DOW and S&P Index: With Daily Records, is the U.S. Overdue For a Correction?
Recent statements from San Francisco Federal Reserve President John Williams have indicated that the Fed is moving towards decreasing bond purchases in the coming quarters. The effort to decrease in money supply comes in response to the average job growth of over 200,000 over the last six months. Although officials in charge of open market operations of the Fed are planning on decreasing the purchase of securities in the next couple of months, their behavior is conditional based on increasing performance of the economy.

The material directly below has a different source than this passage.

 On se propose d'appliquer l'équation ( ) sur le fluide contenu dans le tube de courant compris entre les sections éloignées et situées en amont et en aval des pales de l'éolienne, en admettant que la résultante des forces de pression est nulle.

Since the Great Recession in 2007, the unemployment rate average unemployment rate in the United States has steadily fallen from its peak average of 9.3% to the recent average of 8.1% in 2012. According to Bureau of Labor Statistics, the unemployment rate in the month of April continued to decline from previous months to 7.5%. Many experts believe that this reduction in the unemployment rate resulted from the expansionary monetary policy instituted after the recession. Expansionary monetary policy refers to government purchases of securities to increase the money supply and aggregate demand to ultimately decrease the unemployment rate. However, the danger in a focused expansionary monetary policy is the effect that it has on inflation rates. As government purchases of securities increase, inflation rates rise as well, which is the motivation for individuals like John Williams to call for a decreased government presence in open market operations.

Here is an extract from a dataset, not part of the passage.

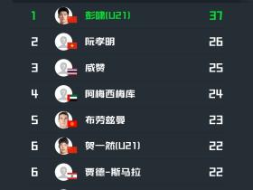 U23亚洲杯小组赛解围榜:彭啸37次断档领先,贺一然排名第六

As the Dow and S&P are reaching all-time highs each day, the possibilities of a stock bubble created from $85 billion worth of bond purchases per month are cause for concern. A paper titled "Expansionary Monetary Policy Can Create Asset Price Booms" by Michael D. Bordo states that "asset prices rise as a link to the transmission of monetary policy as a whole." Even conservative Austrian economists like Friedrich Hayek and Ludwig Von Mises believed that monetary policy could lead to inflated asset prices. The government's response to the recession has prompted a slow-but-steady turn back to the natural rate of unemployment that individuals like Williams predict will fully return in 2015, but the byproduct of the government bond purchases are inflated stock prices. On Wednesday, the Dow and the S&P hit new record highs despite a predicted slowed period of economic growth, indicating a stock bubble that may pop abruptly.

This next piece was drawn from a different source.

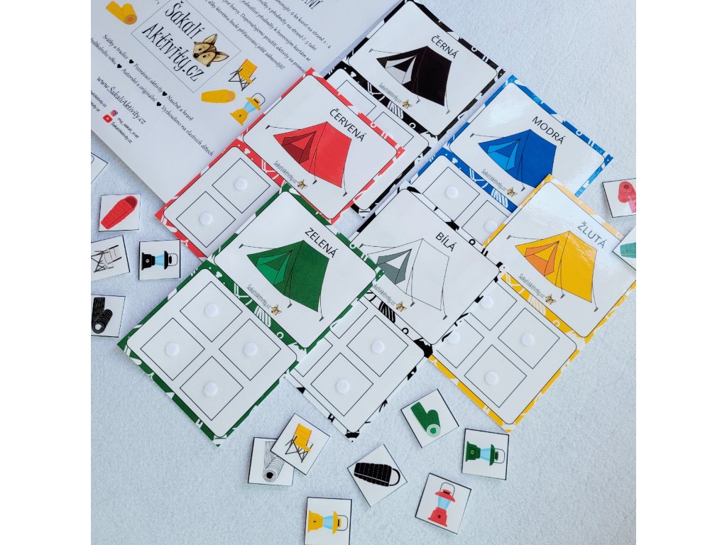 Sada obsahuje 6 předlohových karek k doplnění s barevnými pigmenty a sadu 24 obrázků s předměty z prostředí kempu. Dítě předměty třídí podle barem a přikládá je na předlohových karet podle toho jaká barva na předmětu převažuje. Užijte si léto v rytmu kemopování!

Williams is upbeat about the future of the United States economy, forecasting GDP growth at around 3.25% next year, right around the historical average. As the Fed eases open market operations, the Dow will be able to see whether their highs are a result of real economic growth or a bubble created by macroeconomic policy. The government will still play a huge part in regulating the money supply, but the market may finally see natural prices.